Central to both threads of thought that I failed to communicate were
the inherent design of Xen event channels: they're simple, they're
shared ring buffers (so out-of-bounds access result in a hardware
(MMU) protection fault), and this technology underpins the vast
majority of cloud providers currently in business today.

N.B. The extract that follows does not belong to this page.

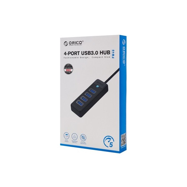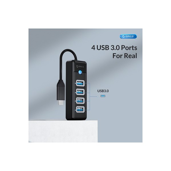 ORICO USB hub PW4U-C3, 4x θυρών, USB 3.0, 5Gbps, USB-C σύνδεση, μαύρο
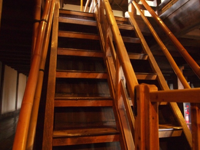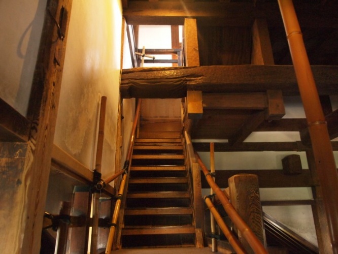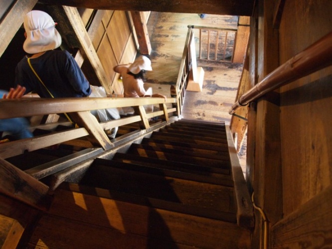 また城の中の階段は急な物が多く、特に4階から5階にかけての階段はなんと傾斜が61度もあります。5階から6階にかけての階段もまた急です。誤って滑り落ちたり、頭上の梁に頭をぶつけないように注意しながら登りましょう。

The Linux foundation has a great presentation [1] from 2013, the first
few slides especially from page 4 really explain what I failed to
communicate on Thursday night. The rest of the presentation is also
interesting, discussing the development of (the now completed)
enhancements being made to Xen to improve scalability of event
channels and the (at the time) new FIFO ABI for inter-domain

In David Chisnall's "The definitive guide to the Xen hypervisor",
there's a chapter "Understanding How Xen Approaches Device Drivers"
where I found a great excerpt [2] on how the event channels are
implemented: shared ring buffers between VMs, created/maintained in
page grant tables by the hypervisor.

There's a bit more about FLASK and the Xen Security Modules (a kind of
SELinux applied to Xen hypervisor, dom0 and domU guests, their
resources, hypervisor privileges and capabilities) on the xen website
[3]. I would imagine that most cloud computing providers using xen
(Amazon, Rackspace, DigitalOcean, etc.) as well as expensive corporate
stuff Eg. Citrix solutions are using XSM to secure their "clouds".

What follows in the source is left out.